2. Be careful who you surround yourself with. Psalm 1 warns us to be cautious to not surround ourselves with people who are NOT going to have a healthy, Godly mindset.  But joyous living comes from surrounding yourself with the wisdom (Word) of God.  When we do, the promise is we will be like a like “trees planted along the riverbank, bearing fruit each season. Their leaves never wither, and they prosper in all they do.”  I don’t care if the person is your BFF, if the person is all about telling you what you want to hear and/or what they selfishly want for you, you need to separate yourself from them during this season.  When the “crappy” moments of life hit, the wisdom (or lack thereof) you surround yourself with can make all the difference in the world.

3. Be a bridge builder. We’re always waiting for others to make the first move. Some say, “Time heals everything.” It’s a lie. Time, by itself, heals nothing. The only way to resolve conflict is to face it. God expects you to take the first step.
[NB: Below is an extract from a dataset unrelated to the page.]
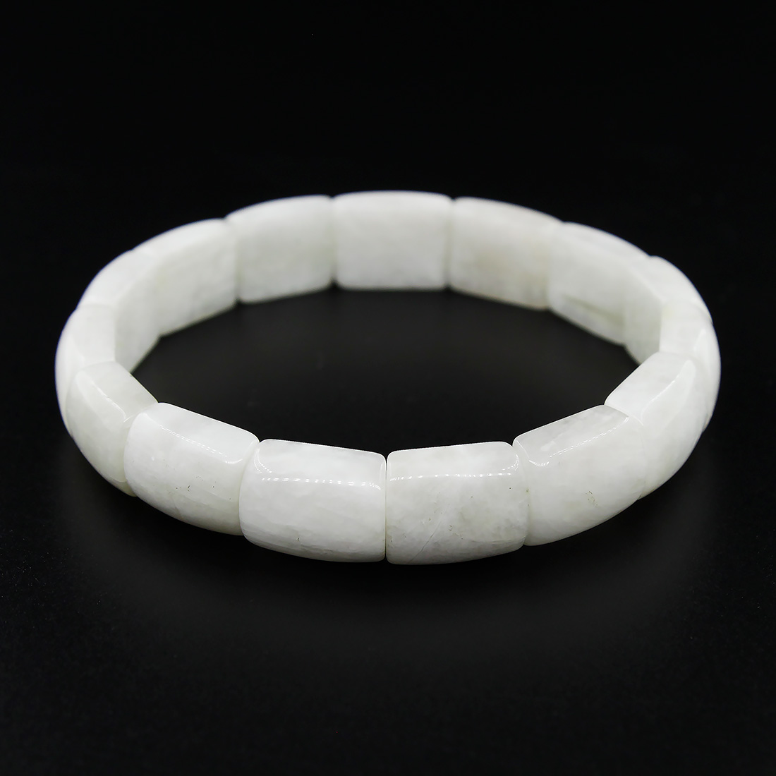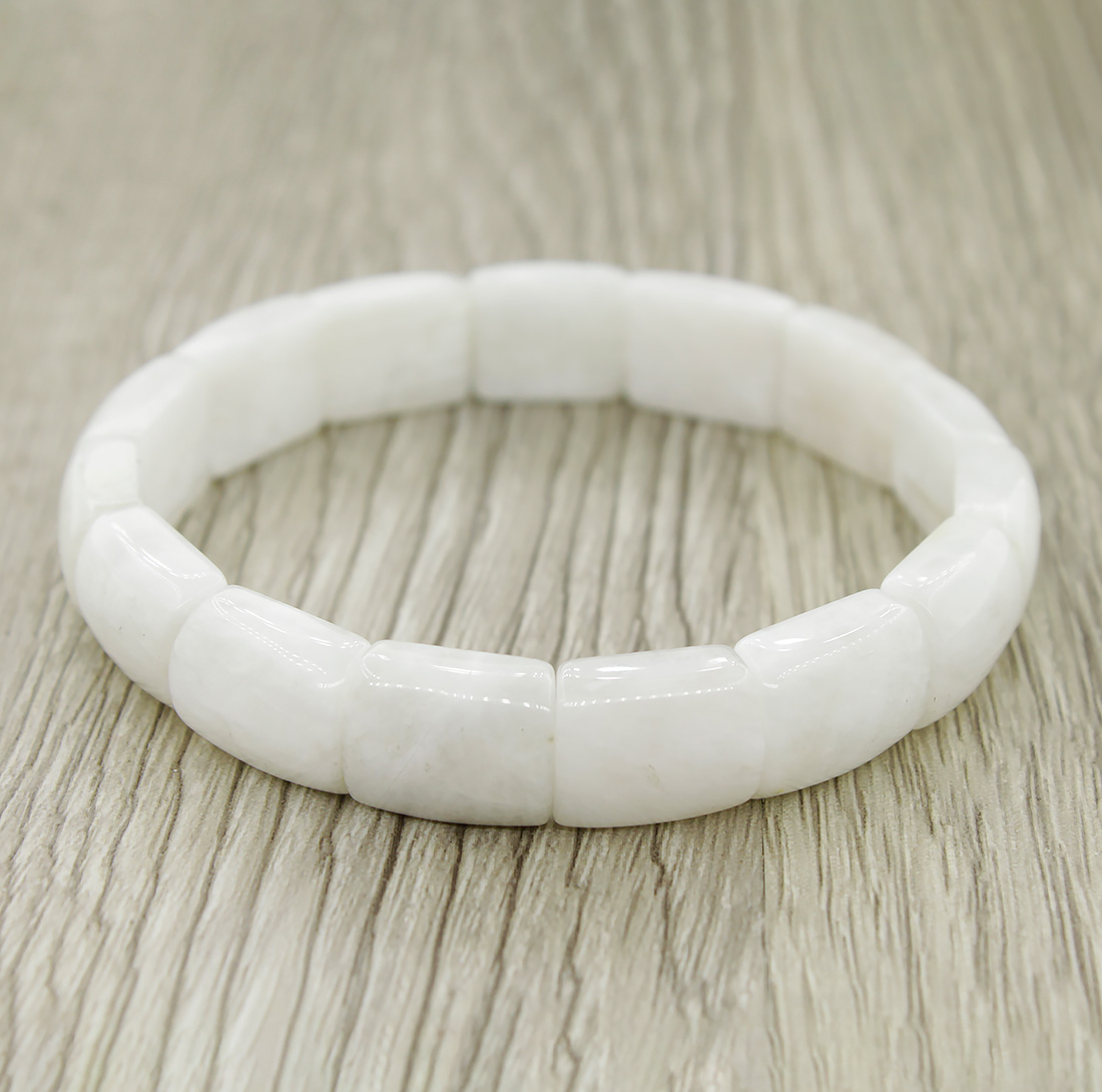 Стильный браслет из натурального лунного камня дополнит Ваш повседневный или праздничный образ. Ширина браслета 11мм. Длина браслета 20см.
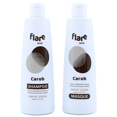 Transform your locks with Jeval Flare Carob Shampoo & Maque Duo 300ml, designed to gently cleanse, warm up and even out chocolatey-brown shades while enriching natural highlights. A blend of natural oils, Vitamin E and Olive Butter offers nourishment and strength to your hair.

He expects you to be the peacemaker. You make the first move. It doesn’t matter if you are the offended one or the offender.  Always see it as your move. It’s so important that God says it takes priority over worship.  Matthew 5:23-24 says, “So if you are presenting a sacrifice at the altar in the Temple and you suddenly remember that someone has something against you, leave your sacrifice there at the altar. Go and be reconciled to that person. Then come and offer your sacrifice to God” (NLT).

4. See what Christ sees. Potential is recognizing the future possibility.  It’s unrealized power.  This is the way Christ sees us.  He sees His power working in us and what can be done/accomplished through Him if we will walk in obedience.  NOTE: He doesn’t wait for our actions to begin to see who we could be.  He doesn’t wait for our obedience to respond to us.  Jesus reaches out when we don’t. He offers a future without us even deserving it.  Your spouse may look and act like a mess.  But if you’ll look in the mirror, you’re not going to see any less in you.  This is why we all need to see what Jesus sees. Always look past the surface and see the potential.

5. Love based upon His love and not yours. 1 Corinthians 13 has been read at so many weddings.  I’ve done it.  I’ve heard it. We constantly read it from the place of how we are supposed to love.  We really need to see it as a description of how God loves.  Us humans carry such a surface level understanding of love. It’s so dependent upon “what have you done for me lately.”  We fall “out” of love as fast as we fall “in” love.  Paul tells a Corinthian church who is struggling with an understanding of love, sex, and community that THIS is what God’s love looks like.  It’s not a circumstantial feeling.  It’s a daily decision.  And if we are going to reflect Him, we need to daily decide to respond to the world around us, especially our spouse, with His love. 

Crap happens to all of us.  Storms don’t discriminate.  They’re equal opportunity givers. But today you need to decide: Are you going to wallow in it? Or are you ready to turn it around to fertilize your future and launch your marriage towards health. 

It time to move forward and see God do amazing things.